Information provided:
---
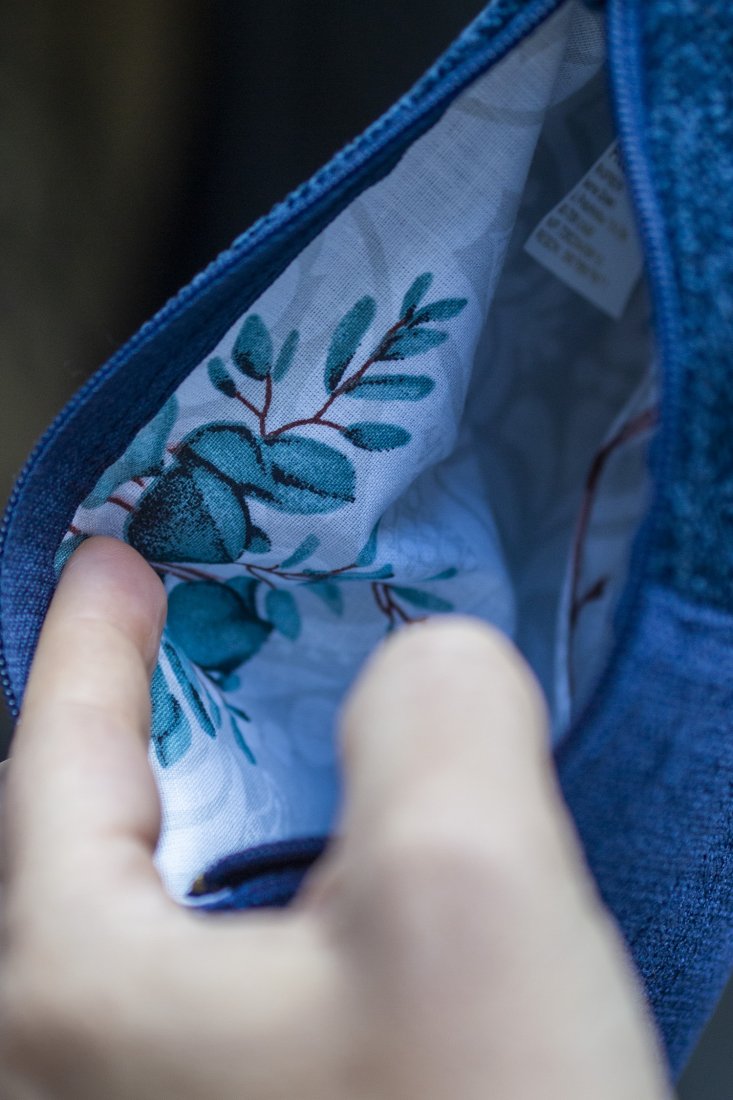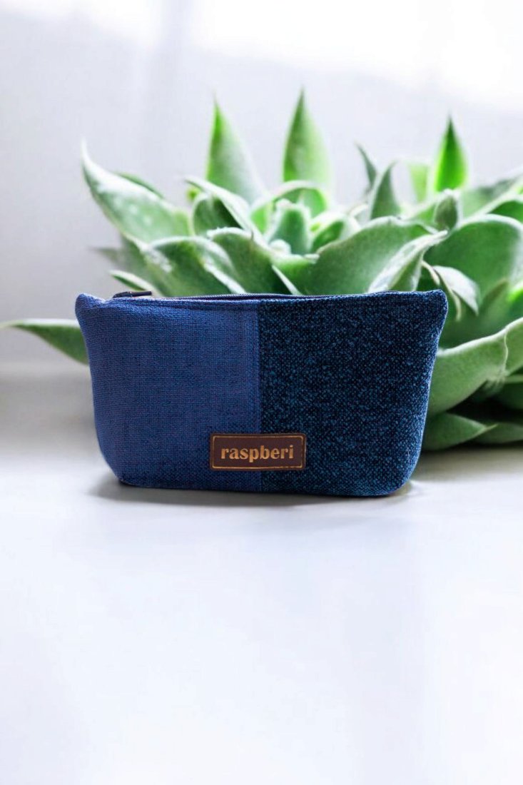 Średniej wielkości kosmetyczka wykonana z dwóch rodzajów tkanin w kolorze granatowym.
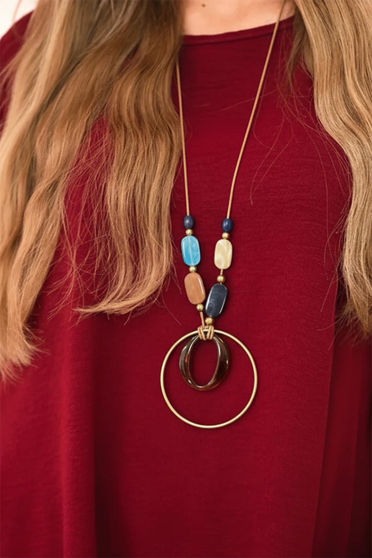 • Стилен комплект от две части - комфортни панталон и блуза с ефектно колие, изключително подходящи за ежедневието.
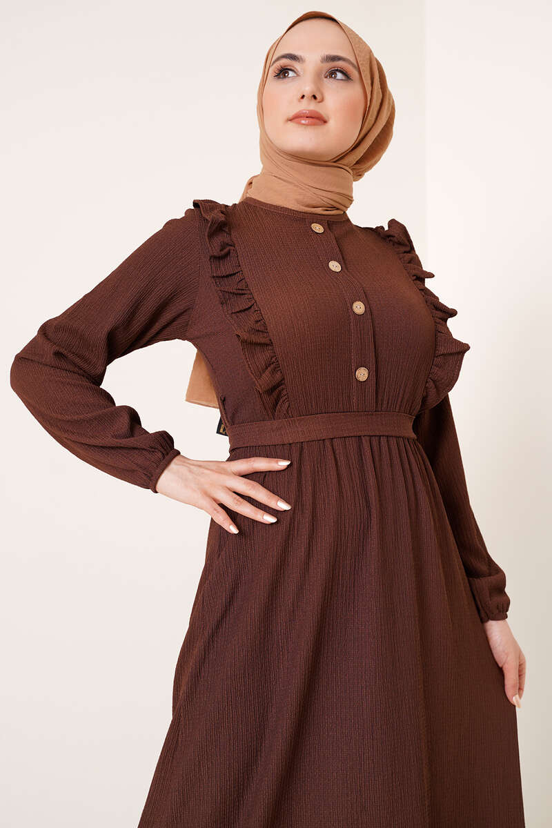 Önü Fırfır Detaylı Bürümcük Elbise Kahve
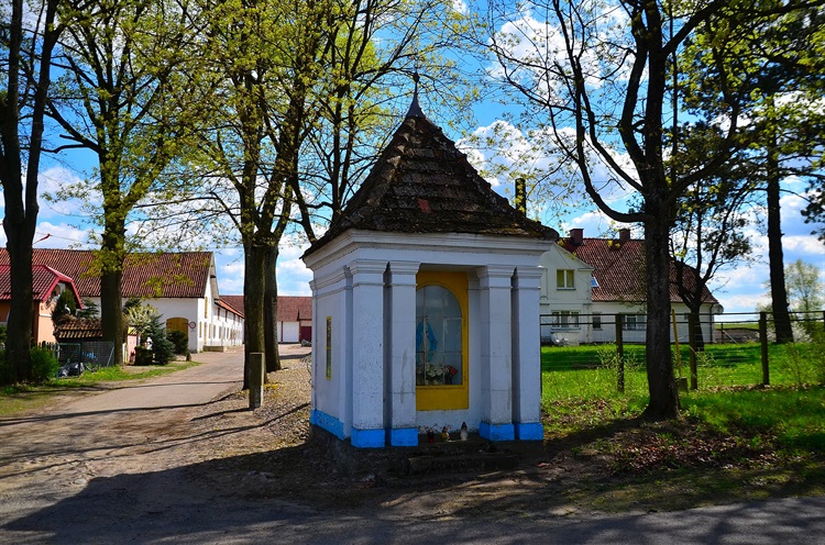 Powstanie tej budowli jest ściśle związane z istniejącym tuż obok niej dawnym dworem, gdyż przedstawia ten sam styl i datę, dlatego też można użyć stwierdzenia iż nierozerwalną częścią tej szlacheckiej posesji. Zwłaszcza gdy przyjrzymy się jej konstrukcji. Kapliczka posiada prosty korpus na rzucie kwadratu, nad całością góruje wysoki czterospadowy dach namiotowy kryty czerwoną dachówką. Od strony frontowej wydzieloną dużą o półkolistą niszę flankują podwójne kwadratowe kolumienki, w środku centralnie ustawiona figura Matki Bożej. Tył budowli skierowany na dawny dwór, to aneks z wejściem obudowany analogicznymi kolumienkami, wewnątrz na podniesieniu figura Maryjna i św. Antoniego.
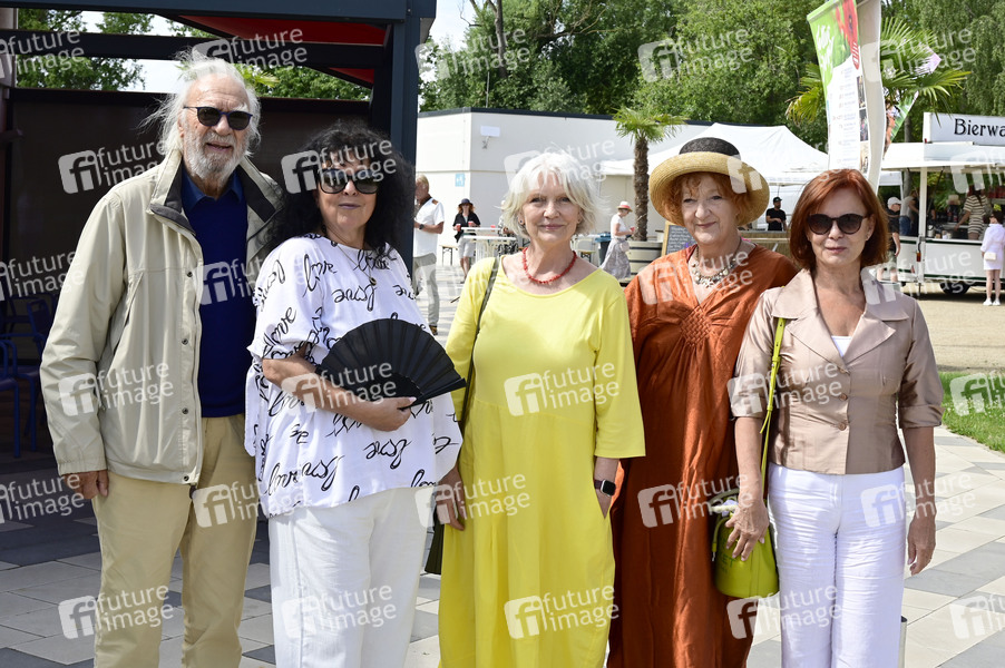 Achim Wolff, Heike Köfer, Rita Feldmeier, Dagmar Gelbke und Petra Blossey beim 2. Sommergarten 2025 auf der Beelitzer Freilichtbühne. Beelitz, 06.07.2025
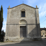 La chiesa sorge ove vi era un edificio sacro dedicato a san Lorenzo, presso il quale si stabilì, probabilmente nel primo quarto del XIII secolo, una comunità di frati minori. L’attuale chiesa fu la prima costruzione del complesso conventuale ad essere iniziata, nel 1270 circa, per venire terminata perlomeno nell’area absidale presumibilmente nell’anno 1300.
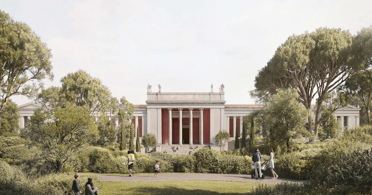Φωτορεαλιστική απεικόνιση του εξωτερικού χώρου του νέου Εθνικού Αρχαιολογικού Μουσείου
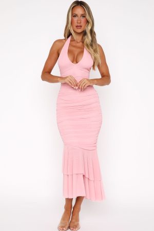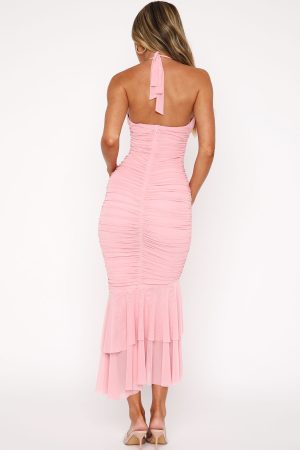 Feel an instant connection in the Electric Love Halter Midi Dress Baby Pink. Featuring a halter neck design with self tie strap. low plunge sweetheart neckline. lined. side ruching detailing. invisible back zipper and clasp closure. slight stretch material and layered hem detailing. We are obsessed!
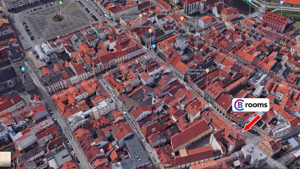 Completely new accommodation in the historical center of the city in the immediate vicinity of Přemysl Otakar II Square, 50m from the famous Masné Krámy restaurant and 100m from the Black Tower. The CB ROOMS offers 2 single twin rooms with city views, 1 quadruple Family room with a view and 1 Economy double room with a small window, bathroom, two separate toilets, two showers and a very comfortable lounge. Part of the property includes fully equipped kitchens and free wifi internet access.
---
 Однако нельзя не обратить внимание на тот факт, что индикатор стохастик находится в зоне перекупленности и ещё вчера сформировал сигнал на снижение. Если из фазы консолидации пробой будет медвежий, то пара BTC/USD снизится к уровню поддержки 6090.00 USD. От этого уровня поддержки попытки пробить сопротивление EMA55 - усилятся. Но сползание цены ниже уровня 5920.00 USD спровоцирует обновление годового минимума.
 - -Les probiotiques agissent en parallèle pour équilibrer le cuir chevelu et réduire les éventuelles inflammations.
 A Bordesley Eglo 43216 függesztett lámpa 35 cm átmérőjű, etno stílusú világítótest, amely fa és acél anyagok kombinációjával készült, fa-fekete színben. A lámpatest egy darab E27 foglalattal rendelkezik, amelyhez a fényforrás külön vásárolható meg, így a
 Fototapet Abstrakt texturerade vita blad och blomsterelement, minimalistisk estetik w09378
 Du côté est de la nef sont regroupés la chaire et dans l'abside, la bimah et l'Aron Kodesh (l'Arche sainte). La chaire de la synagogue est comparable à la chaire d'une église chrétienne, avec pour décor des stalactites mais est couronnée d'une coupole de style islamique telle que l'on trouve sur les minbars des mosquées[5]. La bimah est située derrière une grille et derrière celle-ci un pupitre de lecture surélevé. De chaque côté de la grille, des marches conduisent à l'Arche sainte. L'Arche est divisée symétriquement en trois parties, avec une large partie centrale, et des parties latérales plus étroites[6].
---
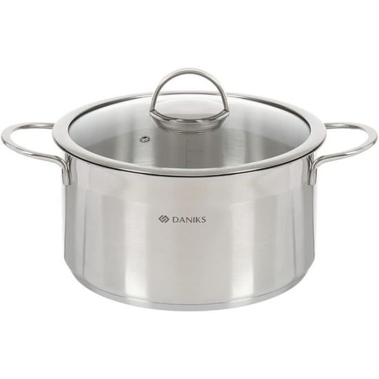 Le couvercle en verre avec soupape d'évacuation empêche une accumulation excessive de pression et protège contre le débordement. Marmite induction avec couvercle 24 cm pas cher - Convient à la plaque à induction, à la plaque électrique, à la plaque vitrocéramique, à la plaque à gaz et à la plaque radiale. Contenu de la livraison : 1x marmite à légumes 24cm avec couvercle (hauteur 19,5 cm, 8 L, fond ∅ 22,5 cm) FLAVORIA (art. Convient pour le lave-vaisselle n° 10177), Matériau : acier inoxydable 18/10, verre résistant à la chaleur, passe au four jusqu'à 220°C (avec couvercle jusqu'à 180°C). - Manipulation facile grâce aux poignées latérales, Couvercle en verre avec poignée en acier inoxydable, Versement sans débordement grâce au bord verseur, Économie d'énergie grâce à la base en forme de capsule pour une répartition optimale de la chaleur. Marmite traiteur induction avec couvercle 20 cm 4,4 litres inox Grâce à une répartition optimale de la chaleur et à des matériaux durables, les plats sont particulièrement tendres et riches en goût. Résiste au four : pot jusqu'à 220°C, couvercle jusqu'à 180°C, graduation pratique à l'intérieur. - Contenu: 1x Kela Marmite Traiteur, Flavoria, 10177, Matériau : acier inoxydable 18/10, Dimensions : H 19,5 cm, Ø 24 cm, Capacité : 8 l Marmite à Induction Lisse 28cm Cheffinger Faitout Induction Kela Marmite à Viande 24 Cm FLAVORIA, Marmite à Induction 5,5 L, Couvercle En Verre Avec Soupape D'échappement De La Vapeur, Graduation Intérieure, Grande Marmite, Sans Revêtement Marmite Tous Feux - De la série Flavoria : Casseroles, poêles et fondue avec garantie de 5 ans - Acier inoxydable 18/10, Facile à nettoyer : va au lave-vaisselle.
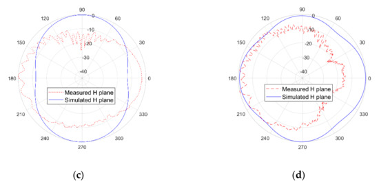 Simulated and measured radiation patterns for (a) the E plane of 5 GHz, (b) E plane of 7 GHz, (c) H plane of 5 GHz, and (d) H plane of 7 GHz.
---
Your assignment:
The result should be an exact copy of only the lines above from the one that holds "Średniej wielkości kosmetyczka" through the one that holds "Önü Fırfır Detaylı Bürümcük Elbise Kahve", both ends included, without pictures.

Result for this task:
 Średniej wielkości kosmetyczka wykonana z dwóch rodzajów tkanin w kolorze granatowym.
 • Стилен комплект от две части - комфортни панталон и блуза с ефектно колие, изключително подходящи за ежедневието.
 Önü Fırfır Detaylı Bürümcük Elbise Kahve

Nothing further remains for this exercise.